Inside the restaurant the fresh catch of the day -- fish like red mullet or yellowtail snapper -- is displayed on a bed of ice while a cadre of cooks works the grill enveloped in the aromas of garlic and oregano.

Sipping a glass of crisp Greek rose at Taverna Opa one busy Wednesday night, I was whisked back to the carefree island meals I enjoyed years ago in the port of Mykonos and on the cliff-tops of Santorini. Those meals, clouded by retsina (a distinctive medicinal Greek wine) and featuring grilled fresh fish and rich lemony stews of artichokes and lamb, were among the most memorable dining experiences of a year spent traipsing through Europe on a tattered Eurail pass. Only the bent Florida palms across the Intracoastal spoil the Greek-island illusion at Taverna Opa.

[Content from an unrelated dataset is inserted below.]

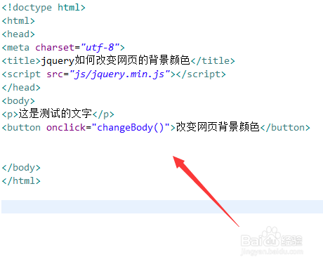 在index.html文件内,给button按钮添加onclick点击事务,当按钮被点击时,执行changeBody()函数。

The restaurant is the brainchild of Peter Tsialiamanis and George Bakatsias, a couple of transplanted Athenian restaurateurs who are determined to bring the casual pleasures of the traditional Greek taverna to South Florida. The taverna is to Greece what the bistro is to France, the diner to the United States -- a casual place to enjoy good food with good friends at a reasonable price. "A taverna is a place for relaxing," says the restaurant's Greek manager, Yanni Kasarhis. "This is a place to spend four or five hours. Nobody will tell you to leave."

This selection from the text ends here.